Can Arizona Become the “Persian Gulf of Solar Energy”?

Michael Giberson

Spanish company Abengoa Solar and Arizona Public Service Company have announced plans to build a large solar powered electric generator, to come online in 2011, but like many such announcements it comes with a couple of public-policy related “ifs”; they’ll build it if they get the necessary approvals from the Arizona utility regulator, and if the U.S. Congress extends the federal solar investment tax credit.

An Associated Press story described the announcement:

PHOENIX, Arizona (AP) — A Spanish company is planning to take 3 square miles of desert southwest of Phoenix and turn them into one of the largest solar power plants in the world.

Abengoa Solar, which has plants in Spain, northern Africa and other parts of the U.S., could begin construction as early as next year on the 280-megawatt plant in Gila Bend — a small, dusty town 50 miles southeast [sic] of Phoenix.

The company said Thursday it could be producing solar energy by 2011.

Abengoa would build, own and operate the $1 billion plant, named the Solana Generating Station.

Solana will be enough to supply up to 70,000 homes at full capacity.

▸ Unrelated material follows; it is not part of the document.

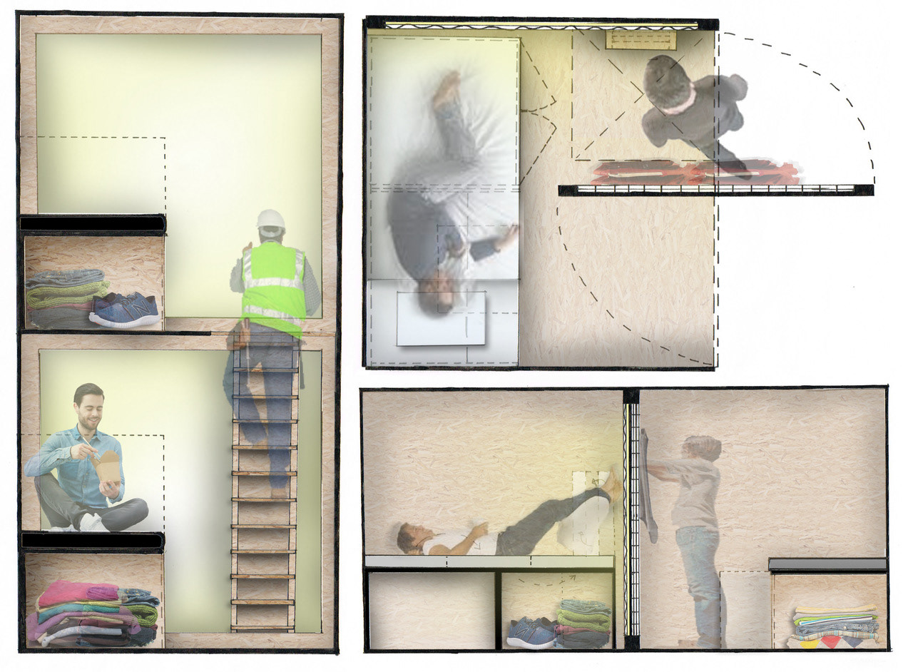 Temporary Accommodation Design Competition for Commonweal Housing There is always unfortunately a persistant need for temporary housing across the world for economic migrants, refugees, seasonal workers and other vulnerable populations. We are presented here with a genuine opportunity to provide accommodation to a specific group that would otherwise be sleeping rough in dangerous and unhygenic conditions. In examining the typical person in need, construction labour was a unifying theme. With that in mind, the concept of using scaffolding from the building industry to create aggregations of cubes and rectangles seemed the obvious choice. Its ubiquity, low cost, versatility, and ease of installation and break-down makes it a site-specific, robust, cost effective, and contextual choice. The 2m x 2m x 2m living cubes are delineated with OSB panels that are inexpensive and appealing for its texture and visual quality. Interspersed with translucent polycarbonate panels for light, the panels are one size, and easily interchangable for new configurations, repair, or take down for installation elsewhere. They can be easily affixed with large cable ties, making installation complete in minutes. A pivot door made from polycarbonate and wire mesh allow for simple entry and exit, and doubles as hanging space for clothes and small items. The base floor is portable, mounted on casters and offers a bed space that folds up to access the built-in desk and storage box. All panels and fittings are commonly available and require no specialist knowledge or tools to erect or break down.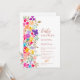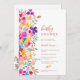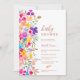 Uma moderna e delicada mão pintada de flores silvestres de jardim em tons brilhantes, rosa, vermelho, azul, amarelo e verde, com uma elegante letra de pincel para celebrar seu chá de fraldas de estilo ao ar livre de verão.

It won’t be Abengoa’s first solar project in Arizona. Since 1999 the company has operated a 17,000 square foot solar powered hot water system serving a federal prison complex. The system is said to have reduced overall electric consumption at the facility by about 10 percent.

The AP story quoted Arizona governor Janet Napolitano as saying, “There is no reason that Arizona should not be the Persian Gulf of solar energy.”

It is always tempting to “do the math” when a politician makes such, um, enthusiastic claims.

Well, why not? Let’s see: Three square miles yields a 280 MW capacity plant. Using the 70,000 homes number, a little calculation gives a 38 percent capacity factor for the plant, so that implies the plant will produce about 932,000 MWh per year. If Arizona is going to become the “Persian Gulf” then they must be a net exporter of solar, meaning they first serve all the state’s own consumers and have power left over to export. If all of the state’s electric power needs were generated using similar technologies and assuming constant economies of scale, it would take about 236 square miles (or about 1.2 percent of the land mass in the state) to accommodate the necessary solar power plants.

So 236 square miles of Arizona would, on the assumptions listed, get self-sufficiency from solar. Presumably a “Persian Gulf” would be a big exporter of power, not just self sufficient. Here the calculations rapidly get crazy (i.e., over 36,000 square miles of land), depending on just what you think a “Persian Gulf of solar energy” means, and that doesn’t include the land needed for additional transmission lines.

Nowhere in the article does it say just how expensive the new solar plant will be, but given that the project hinges on regulatory approvals and continuation of the federal solar investment tax credit, we can assume it isn’t yet competitive with other commercial electric generation technologies.